As a Signal user, you might have remembered when Signal/TextSecure supported SMS/MMS on Android in addition to Signal Protocol messages, which was a big factor in helping Signal onboard new Android users when it had a smaller user base. Signal never had the opportunity to do the same on iOS because Apple only allows its own Messages client to handle on-device SMS/MMS messages, which gave Messages (and iMessage) an unfair advantage over Signal (and the Signal Protocol).

Anticompetitive measures like Apple's SMS/MMS client restriction harm the market even when alternatives to Apple's products exist. The entire blue vs. green bubble issue would not be a problem in the first place had iOS users been able to switch to a competing messenger app that supports both SMS/MMS messaging and a newer cross-platform messaging protocol (instead of iMessage).


Google voice allows sms even on ios, so it’s not as simple as that. Why is what beeper is providing around sms different from google voice? Both cloud hosted etc - this is fine.

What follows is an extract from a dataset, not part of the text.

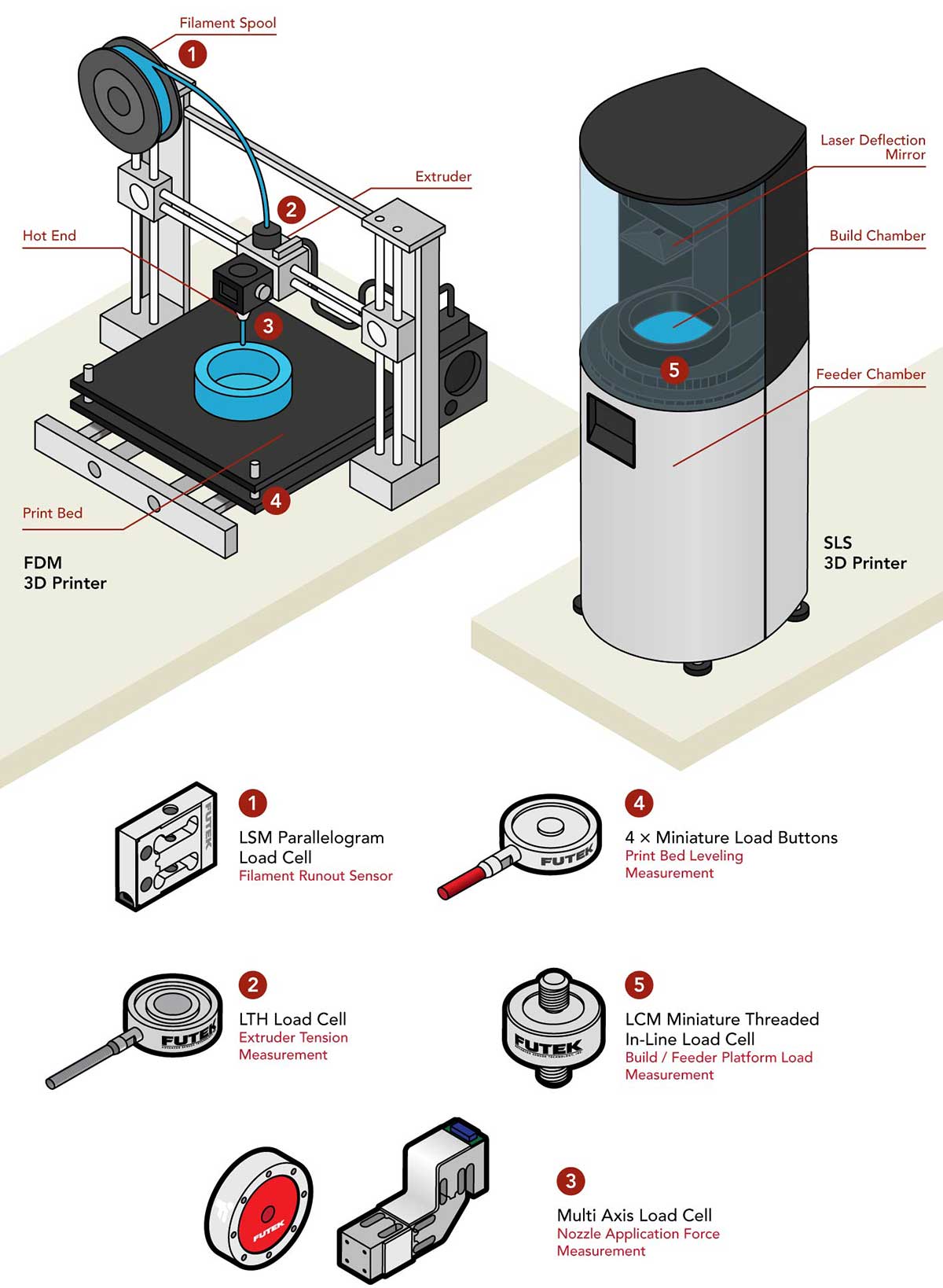 5、构建/喂料机平台重量测量:在SLS 3D打印中,构建平台通常使用活塞向下移动,而粉末进料斗使用单独的活塞向上移动。通过将称重传感器集成到这些活塞中,可以实时监控施加到构建平台和粉末进料斗的压力。称重传感器提供有关施加到构建平台的压力均匀性的信息,允许实时调整以确保一致、高质量的打印。此外,称重传感器可用于监控粉末进料斗的重量,确保料斗充满足够的粉末以供下一次打印,并防止料斗在打印过程中空载。

Also, google voice still doesnt have rcs by the way, and it’s safe to assume that they will finally sunset the service rather than follow through on “principled stand” around rcs lol. Much like the epic games case… there was never anything more than a ploy to look good to regulators/lawyers. People are tragically unable to identify even very blatant cases of special pleading, especially when they align with the anti-apple zeitgeist among large parts of the tech crowd.


Google Voice does not handle on-device SMS/MMS messages on iOS. Most phone users expect to use the phone number that comes with their cell phone plan, not a separate VoIP service like Google Voice that uses a different phone number. Special pleading is arguing that Apple is exempt from the same FTC regulations that bind other U.S. companies.